| What you should do |
With the pictures left out, restate every entry word for word.

Records from a collection
-- Opening Marker --
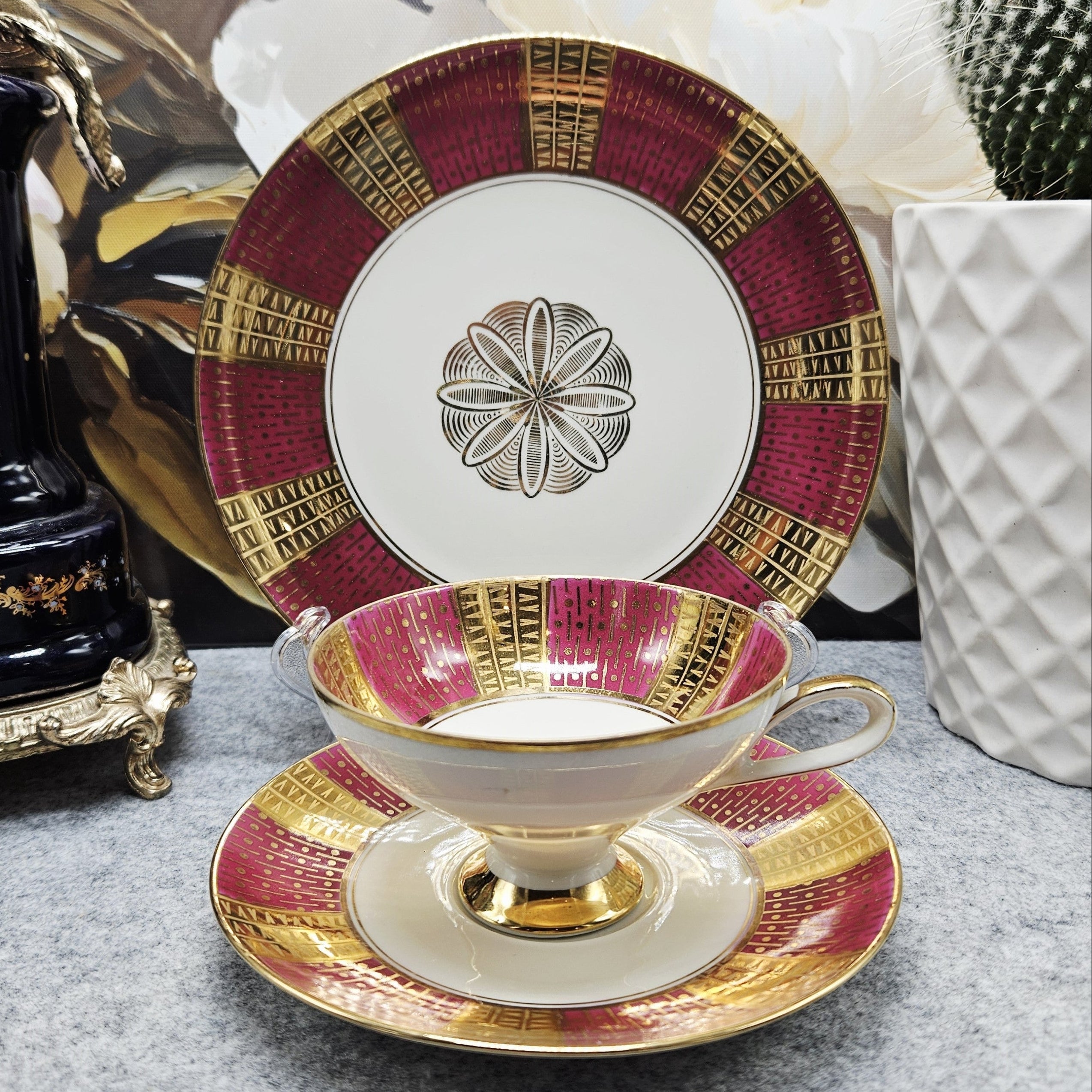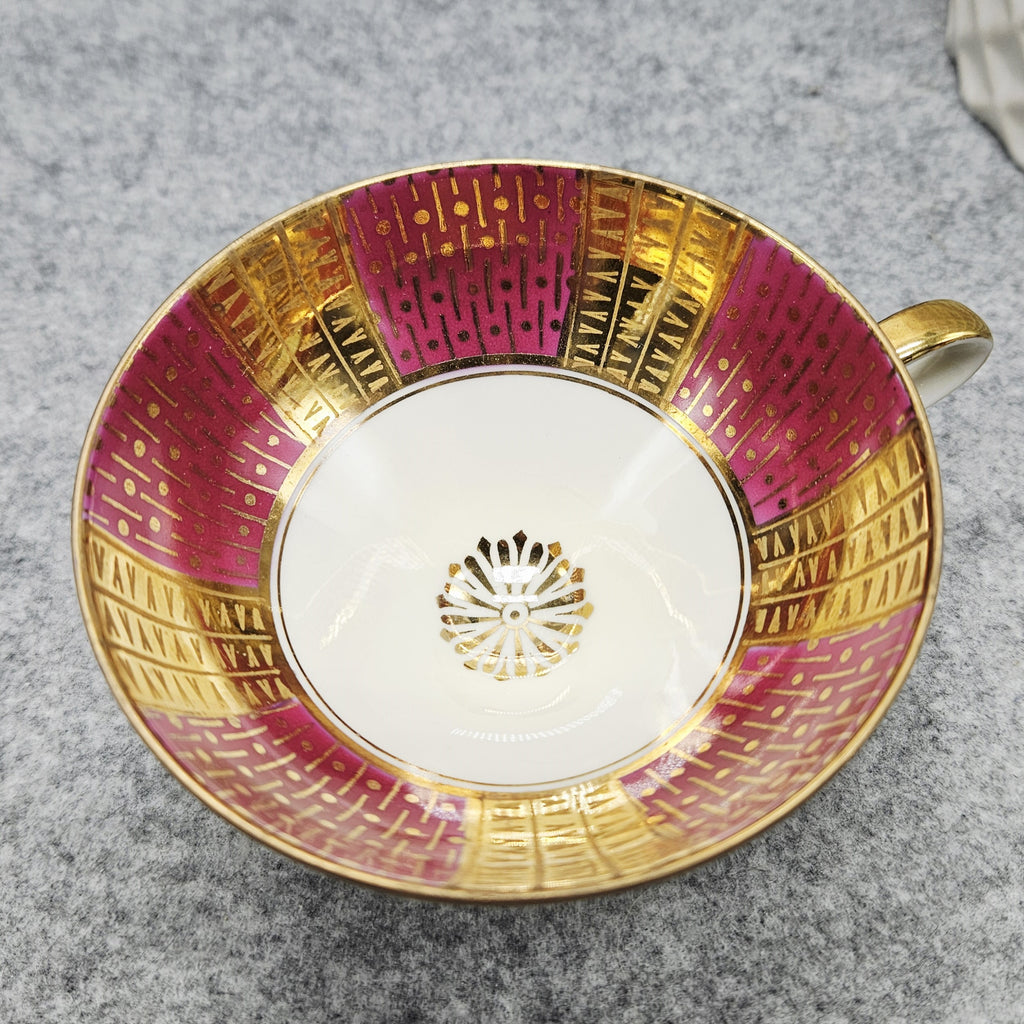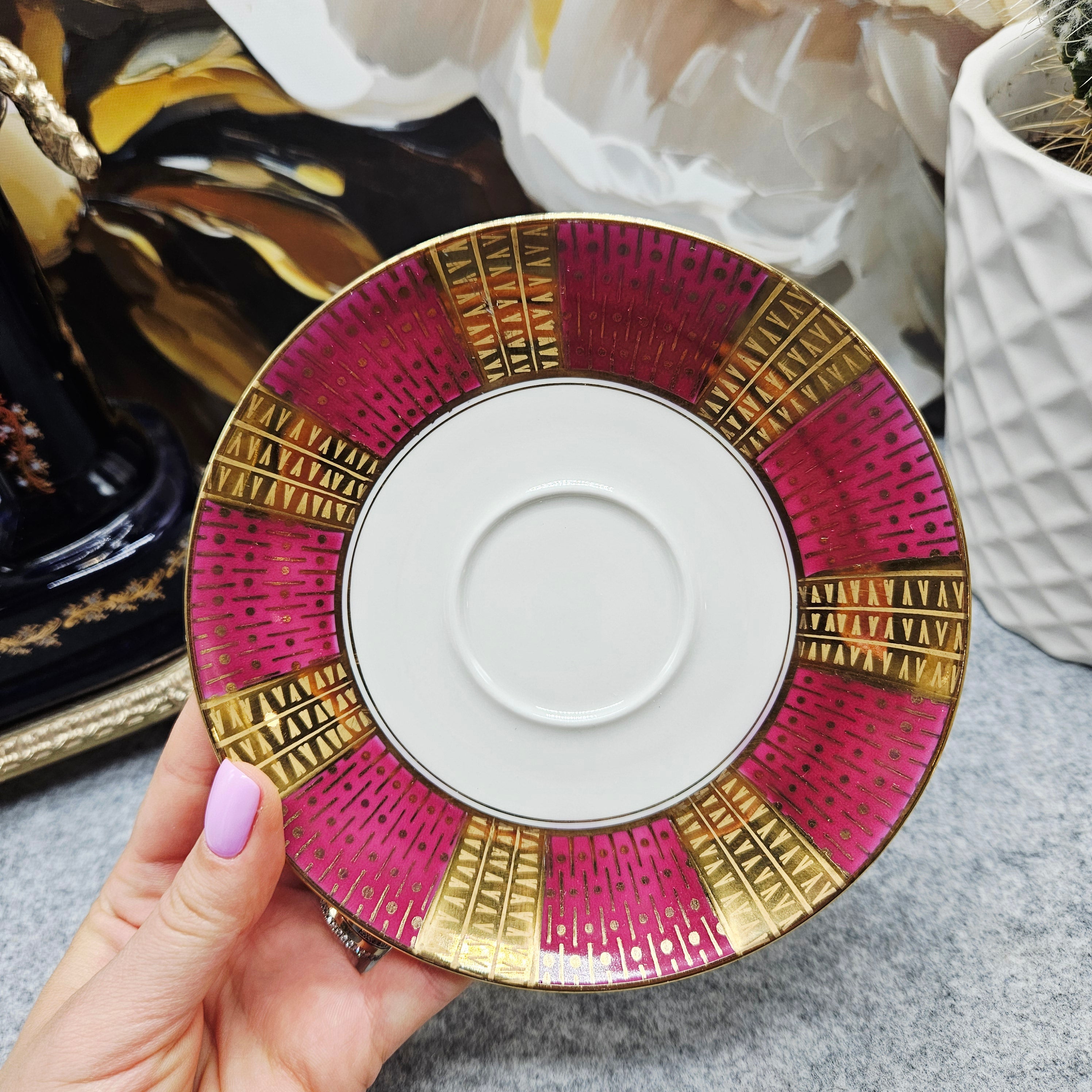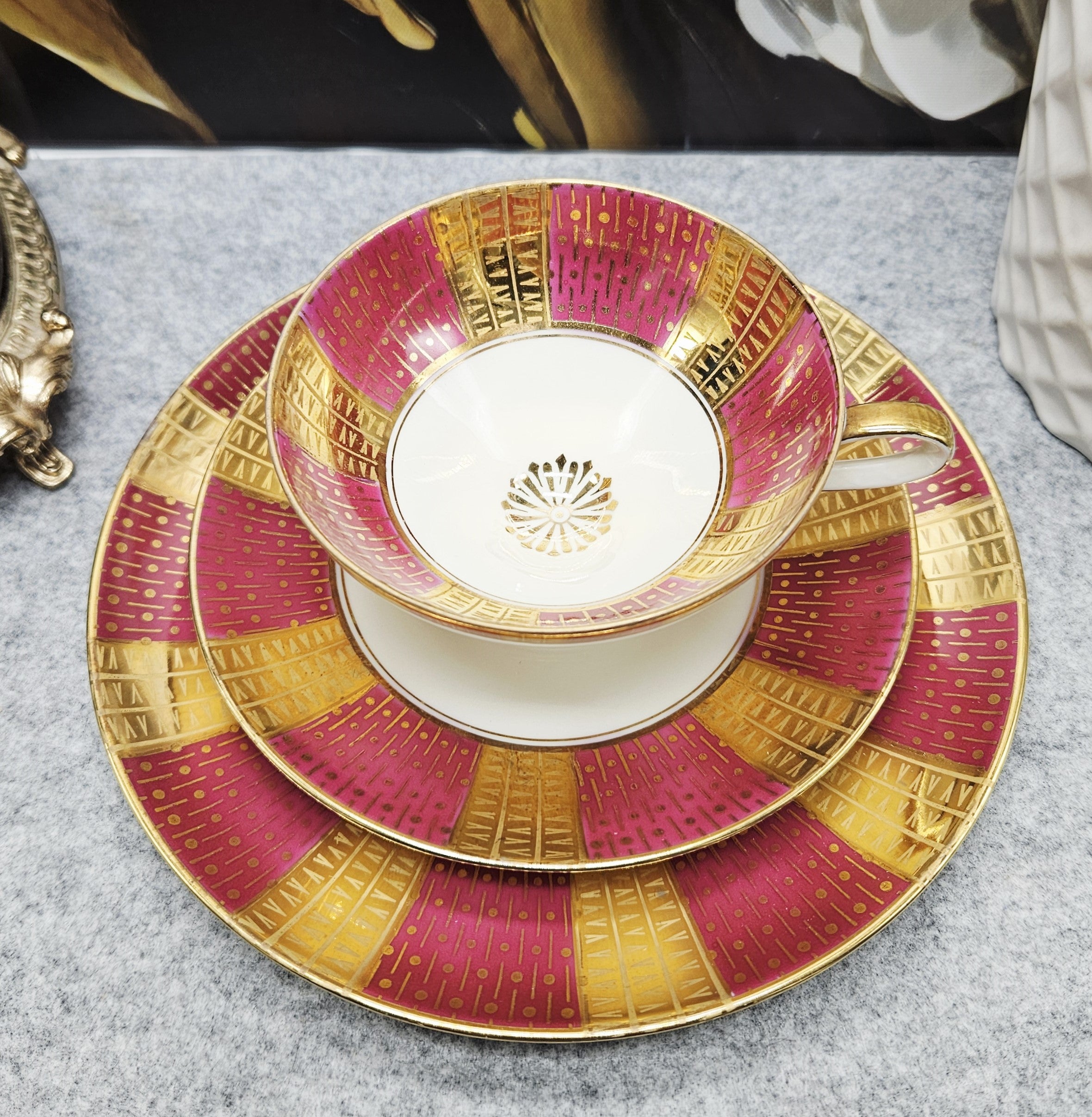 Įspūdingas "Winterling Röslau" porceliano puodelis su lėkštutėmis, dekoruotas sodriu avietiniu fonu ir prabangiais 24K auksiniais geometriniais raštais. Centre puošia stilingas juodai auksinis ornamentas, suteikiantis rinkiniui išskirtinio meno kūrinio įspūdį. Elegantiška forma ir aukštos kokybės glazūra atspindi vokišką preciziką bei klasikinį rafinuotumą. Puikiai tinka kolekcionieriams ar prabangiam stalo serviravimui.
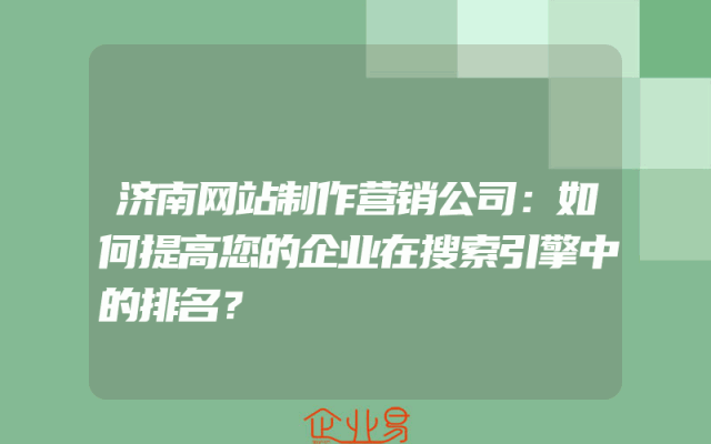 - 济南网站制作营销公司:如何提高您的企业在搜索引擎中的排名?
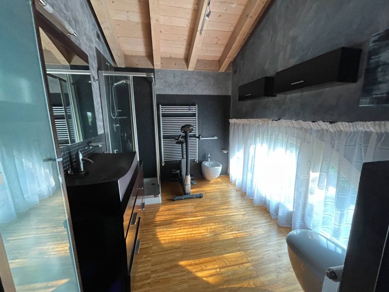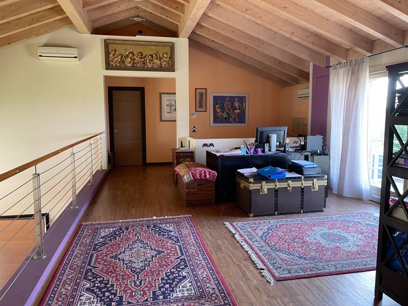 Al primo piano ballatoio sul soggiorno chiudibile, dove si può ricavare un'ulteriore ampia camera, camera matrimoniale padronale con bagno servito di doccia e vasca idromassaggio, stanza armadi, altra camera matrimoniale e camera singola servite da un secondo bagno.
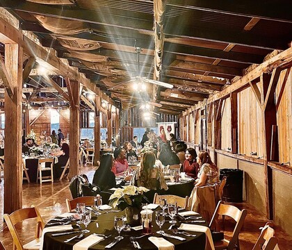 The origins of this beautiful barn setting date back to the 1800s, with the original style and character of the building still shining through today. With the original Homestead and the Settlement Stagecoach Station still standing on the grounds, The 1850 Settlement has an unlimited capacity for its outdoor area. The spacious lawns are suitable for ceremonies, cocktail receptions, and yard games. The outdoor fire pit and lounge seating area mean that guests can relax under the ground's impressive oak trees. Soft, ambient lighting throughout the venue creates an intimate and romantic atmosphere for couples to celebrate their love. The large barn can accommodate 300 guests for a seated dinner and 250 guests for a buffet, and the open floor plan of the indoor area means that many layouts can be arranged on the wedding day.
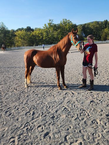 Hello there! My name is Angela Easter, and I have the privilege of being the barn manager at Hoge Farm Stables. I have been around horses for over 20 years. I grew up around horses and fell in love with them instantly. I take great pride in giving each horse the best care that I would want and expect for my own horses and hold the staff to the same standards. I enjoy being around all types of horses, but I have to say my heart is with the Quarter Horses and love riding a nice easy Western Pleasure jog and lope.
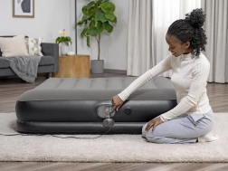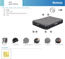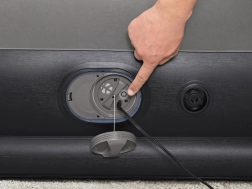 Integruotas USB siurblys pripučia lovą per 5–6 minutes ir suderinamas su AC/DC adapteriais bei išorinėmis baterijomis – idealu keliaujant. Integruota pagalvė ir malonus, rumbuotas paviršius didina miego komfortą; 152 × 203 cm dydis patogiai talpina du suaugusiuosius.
-- Closing Marker --
| Written response |
 Įspūdingas "Winterling Röslau" porceliano puodelis su lėkštutėmis, dekoruotas sodriu avietiniu fonu ir prabangiais 24K auksiniais geometriniais raštais. Centre puošia stilingas juodai auksinis ornamentas, suteikiantis rinkiniui išskirtinio meno kūrinio įspūdį. Elegantiška forma ir aukštos kokybės glazūra atspindi vokišką preciziką bei klasikinį rafinuotumą. Puikiai tinka kolekcionieriams ar prabangiam stalo serviravimui.
 - 济南网站制作营销公司:如何提高您的企业在搜索引擎中的排名?
 Al primo piano ballatoio sul soggiorno chiudibile, dove si può ricavare un'ulteriore ampia camera, camera matrimoniale padronale con bagno servito di doccia e vasca idromassaggio, stanza armadi, altra camera matrimoniale e camera singola servite da un secondo bagno.
 The origins of this beautiful barn setting date back to the 1800s, with the original style and character of the building still shining through today. With the original Homestead and the Settlement Stagecoach Station still standing on the grounds, The 1850 Settlement has an unlimited capacity for its outdoor area. The spacious lawns are suitable for ceremonies, cocktail receptions, and yard games. The outdoor fire pit and lounge seating area mean that guests can relax under the ground's impressive oak trees. Soft, ambient lighting throughout the venue creates an intimate and romantic atmosphere for couples to celebrate their love. The large barn can accommodate 300 guests for a seated dinner and 250 guests for a buffet, and the open floor plan of the indoor area means that many layouts can be arranged on the wedding day.
 Hello there! My name is Angela Easter, and I have the privilege of being the barn manager at Hoge Farm Stables. I have been around horses for over 20 years. I grew up around horses and fell in love with them instantly. I take great pride in giving each horse the best care that I would want and expect for my own horses and hold the staff to the same standards. I enjoy being around all types of horses, but I have to say my heart is with the Quarter Horses and love riding a nice easy Western Pleasure jog and lope.
 Integruotas USB siurblys pripučia lovą per 5–6 minutes ir suderinamas su AC/DC adapteriais bei išorinėmis baterijomis – idealu keliaujant. Integruota pagalvė ir malonus, rumbuotas paviršius didina miego komfortą; 152 × 203 cm dydis patogiai talpina du suaugusiuosius.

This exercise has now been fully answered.